Sunday, November 27, 2011

at the gallows

Not long after he gives his mansion as a hospital for the sick the Bishop from Les Misérables feels himself called to attend to a criminal in his last moments before facing the death penalty.


He went instantly to the prison, descended to the cell of the “mountebank,” called him by name, took him by the hand, and spoke to him.  He passed the entire day with him, forgetful of food and sleep, praying to God for the soul of the condemned man, and praying the condemned man for his own.  He told him the best truths, which are also the most simple.  He was father, brother, friend; he was bishop only to bless [not to judge or condemn].  The man was on the point of dying in despair.  Death was an abyss to him.  As he stood trembling on its mournful brink, he recoiled with horror. . . . He gazed incessantly…and beheld only darkness.  The Bishop made him see light.

On the following day, when they came to fetch the unhappy wretch, the Bishop was still there…

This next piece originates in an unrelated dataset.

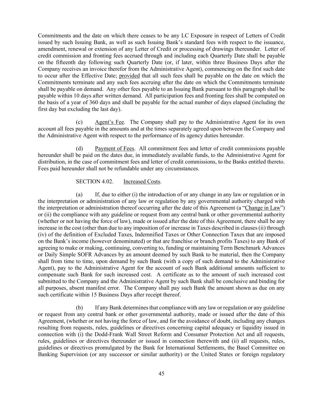 45 Commitments and the date on which there ceases to be any LC Exposure in respect of Letters of Credit issued by such Issuing Bank, as well as such Issuing Bank’s standard fees with respect to the issuance, amendment, renewal or extension of any Letter of Credit or processing of drawings thereunder. Letter of credit commission and fronting fees accrued through and including each Quarterly Date shall be payable on the fifteenth day following such Quarterly Date (or, if later, within three Business Days after the Company receives an invoice therefor from the Administrative Agent), commencing on the first such date to occur after the Effective Date; provided that all such fees shall be payable on the date on which the Commitments terminate and any such fees accruing after the date on which the Commitments terminate shall be payable on demand. Any other fees payable to an Issuing Bank pursuant to this paragraph shall be payable within 10 days after written demand. All participation fees and fronting fees shall be computed on the basis of a year of 360 days and shall be payable for the actual number of days elapsed (including the first day but excluding the last day). (c) Agent’s Fee. The Company shall pay to the Administrative Agent for its own account all fees payable in the amounts and at the times separately agreed upon between the Company and the Administrative Agent with respect to the performance of its agency duties hereunder. (d) Payment of Fees. All commitment fees and letter of credit commissions payable hereunder shall be paid on the dates due, in immediately available funds, to the Administrative Agent for distribution, in the case of commitment fees and letter of credit commissions, to the Banks entitled thereto. Fees paid hereunder shall not be refundable under any circumstances. SECTION 4.02. Increased Costs. (a) If, due to either (i) the introduction of or any change in any law or regulation or in the interpretation or administration of any law or regulation by any governmental authority charged with the interpretation or administration thereof occurring after the date of this Agreement (a “Change in Law”) or (ii) the compliance with any guideline or request from any central bank or other governmental authority (whether or not having the force of law), made or issued after the date of this Agreement, there shall be any increase in the cost (other than due to any imposition of or increase in Taxes described in clauses (ii) through (iv) of the definition of Excluded Taxes, Indemnified Taxes or Other Connection Taxes that are imposed on the Bank’s income (however denominated) or that are franchise or branch profits Taxes) to any Bank of agreeing to make or making, continuing, converting to, funding or maintaining Term Benchmark Advances or Daily Simple SOFR Advances by an amount deemed by such Bank to be material, then the Company shall from time to time, upon demand by such Bank (with a copy of such demand to the Administrative Agent), pay to the Administrative Agent for the account of such Bank additional amounts sufficient to compensate such Bank for such increased cost. A certificate as to the amount of such increased cost submitted to the Company and the Administrative Agent by such Bank shall be conclusive and binding for all purposes, absent manifest error. The Company shall pay such Bank the amount shown as due on any such certificate within 15 Business Days after receipt thereof. (b) If any Bank determines that compliance with any law or regulation or any guideline or request from any central bank or other governmental authority, made or issued after the date of this Agreement, (whether or not having the force of law, and for the avoidance of doubt, including any changes resulting from requests, rules, guidelines or directives concerning capital adequacy or liquidity issued in connection with (i) the Dodd-Frank Wall Street Reform and Consumer Protection Act and all requests, rules, guidelines or directives thereunder or issued in connection therewith and (ii) all requests, rules, guidelines or directives promulgated by the Bank for International Settlements, the Basel Committee on Banking Supervision (or any successor or similar authority) or the United States or foreign regulatory

He mounted the scaffold with him.  The sufferer, who had been so gloomy and cast down on the preceding day, was radiant.  He felt that his soul was reconciled, and he hoped in God.  The Bishop embraced him…


Here is love.  Simple.  Elegant.  Powerful.  Changing a life at its most desperate hour, on the  brink of death and the unknown.  Never should we condemn the work of simple folk who sit all night with those bound for death, or walk with them into their punishment, or pray with them at the uttermost end.  For such is the work of love. 

Saturday, November 12, 2011

Monseigneur Bienvenu

This past weekend I thought I’d start a new book.  I’d finished Eugene Peterson, and wanted good old fiction.  We have a variety of ‘classics’ (some better than others) on our Kindle.  I started looking through them and found Les Misérables.  Les Mis is Sarah’s favourite play, and one of her favourite stories.  I had first encountered it in the film version with Liam Neeson as Jean Valjean.  The book, of course, is much different and it starts out with a lengthy description of the Bishop Myriel, or, as the people of his mountain diocese call him, Monseigneur Bienvenu.

I think I could take a lesson or two from the good Bishop.  What’s neat about the Kindle is that you can underline things and write comments as you go.  I took note of a few favourite passages—scenes of him giving away all his money, studying away in his room, tilling his garden haphazardly, and so on.  Two scenes in particular stand out: the first occurs early on in the Bishop’s arrival to the new town.  He’s inspecting the hospital which is adjacent to his ‘palace’, and finds that it is overcrowded with the sick.  He and the hospital warden are standing together in the Bishops’ dining room when Bienvenu turns to the hospital director and asks:


     “Monsieur,” said he, “how many beds do you think this hall alone would hold?”

     “Monseigneur’s dining-room?” exclaimed the stupefied director

     The Bishop cast a glance round the apartment, and seemed to be taking measures and calculations with his eyes.

     “It would hold full twenty beds,” said he, as though speaking to himself.  Then, raising his voice:—

     “Hold, Monsieur the director of the hospital, I will tell you something.  There is evidently a mistake here.  There are thirty-six of you, in five or six small rooms.  There are three of us here, and we have room for sixty.  There is some mistake, I tell you; you have my house, and I have yours.  Give me back my house; you are at home here.”

     On the following day the thirty-six patients were installed in the Bishop’s palace, and the Bishop was settled in the hospital.


This is the first of several ways by which the Bishop sacrifices his own comforts, possessions, even his ‘rights’ (a popular topic in Canada today) for the sake of giving to his community—loving his neighbours.

Sometimes I wonder if we over-think what it might mean to help someone in need.  What do we have before us?  What actually is extra?  There’s so much we can live without, and there is so much that others are without.  It’s not complicated.  I don’t have a palace that I can give to a hospital director, but I can give in other ways.  I just need to be open to thinking about it.  Monseigneur Bienvenu, the good old Bishop, can help us to do just that.